Important building block of future energy systems
Monitore zur Überwachung der NetzleitwarteTU Ilmenau/ThEFI
The Dynamic Network Control Centre at the ThEFI of the TU Ilmenau

DC technology has now reached every voltage level and is regarded internationally as an important building block of future energy systems. Although the use of DC technology often still requires a certain amount of research, it opens up promising opportunities to increase both operational efficiency and cost-effectiveness as well as resource and area efficiency, and thus the ecological justifiability of energy systems.
 

High degree of digitization

In order to be able to achieve a high degree of automation of electrical grids, advanced digitization in the field of electrical power systems is essential, in addition to the use of flexible technologies such as DC technology. Measured data must be synchronized and transmitted to the control centers at periodic intervals of a few milliseconds so that they can ideally be processed fully automatically in corresponding assistance systems. In many applications, DC systems are also designed to work across network operators, so that automatic standardized communication between the control centers may also be necessary. Furthermore, the new degrees of freedom provided by DC technology can only be used if extensive optimization and variant calculations have been carried out beforehand using quasi-stationary and dynamic models.

These processes are very complex and require a high degree of computing power, for which an excellent infrastructure is available at the TU Ilmenau in addition to internationally recognized high research competence.

 

Contact

Univ.-Prof.
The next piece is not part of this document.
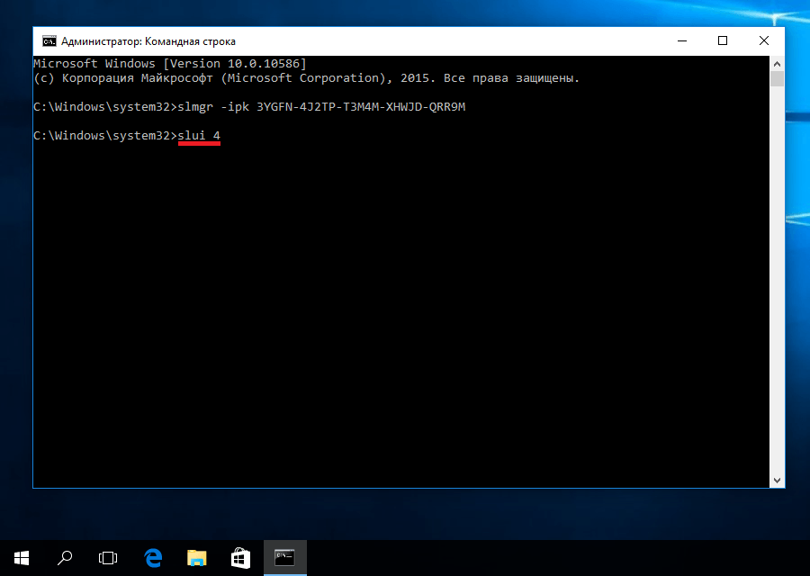 - В командной строке введите запрос «slui 4» и нажмите Enter.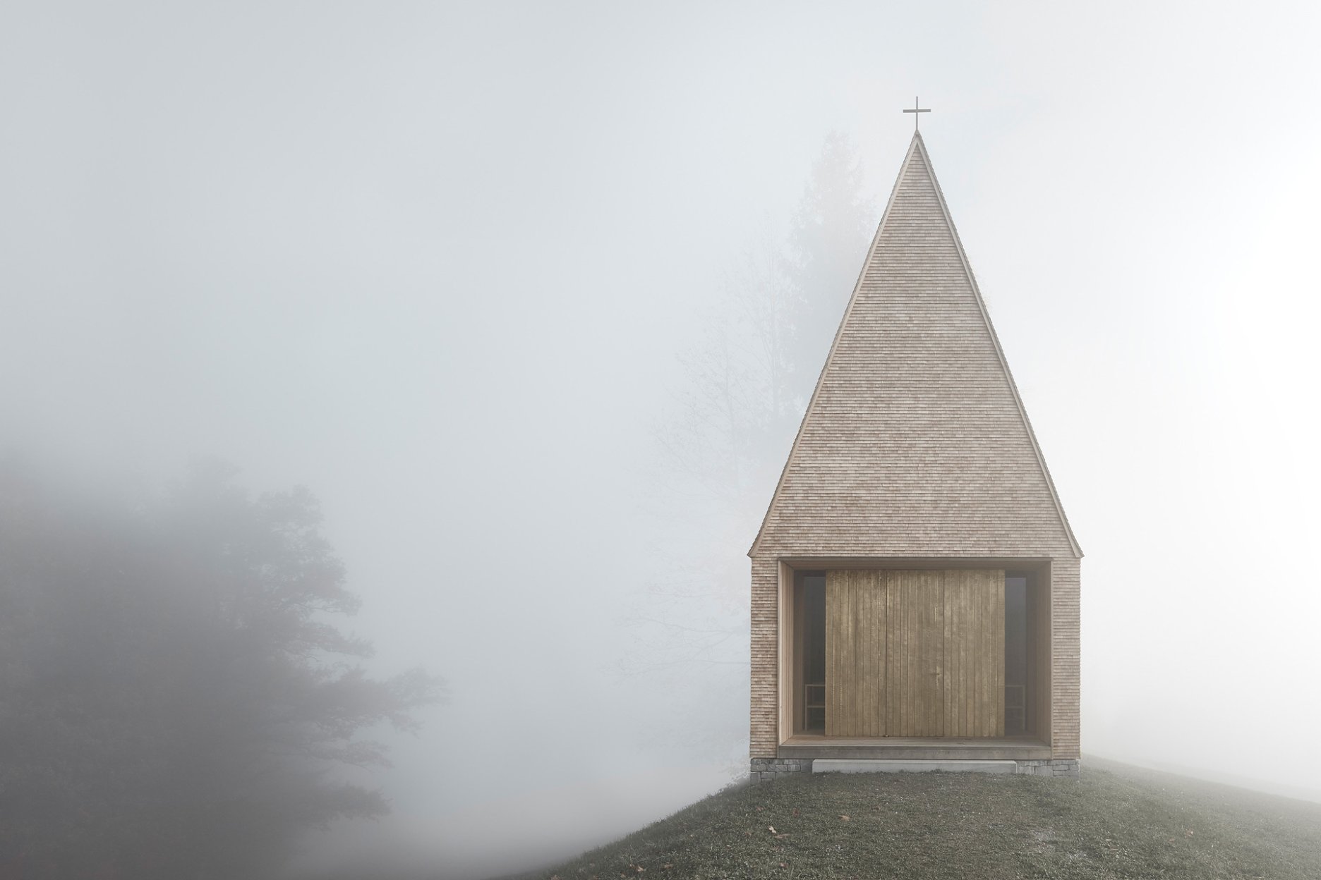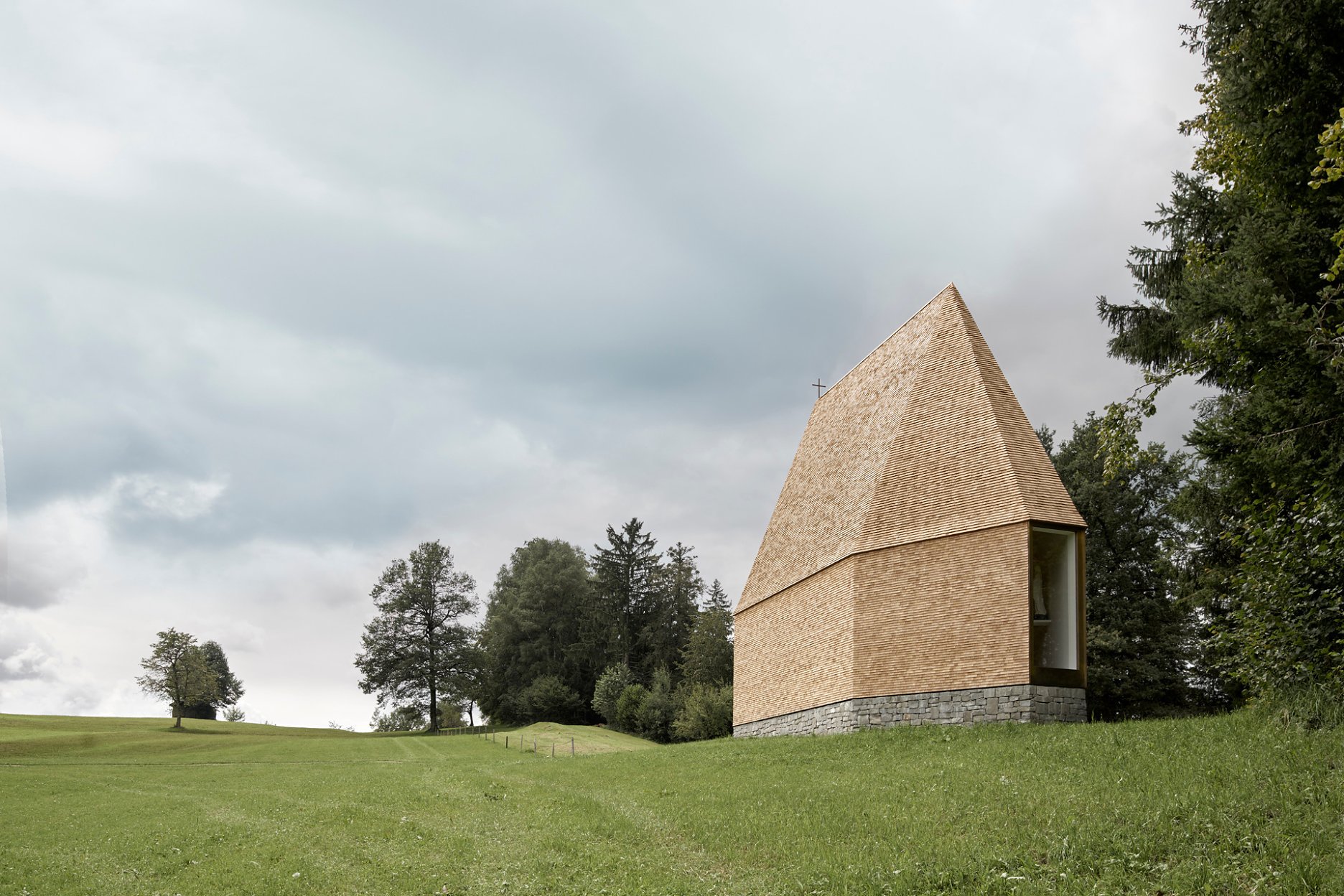The foundation of limestone from Alberschwende was placed as a dry-stone wall, while the walls and ceilings above feature hand-sawn larch shingles to protect against the elements. The recessed entrance creates a protective porch. The wrought brass door leads into the building interior, which is characterized by both an air of solemnness and striking simplicity. Twelve frames, which prevent the folded cross-laminated timber structure from bending out of shape, accentuate the height variations. The wall paneling, floors and simple pews are of untreated fir.

Dr.-Ing. Dirk Westermann

TU Ilmenau, Director Thuringian Energy Research Institute ThEFI
+49 3677 69-2838

dirk.westermann@tu-ilmenau.de

   
The ThEFI of the TU Ilmenau

The Thuringian Energy Research Institute ThEFI unites 13 disciplines from four faculties of the TU Ilmenau in the spirit of interdisciplinary research. The focus of the work is on the transfer of knowledge and the further development of research competence in all areas of energy, environmental and systems engineering and the cooperation with scientific partners. The areas of activity of ThEFI include the research and development of processes related to energy as well as the corresponding marketing of research results in cooperation with industrial companies and associations.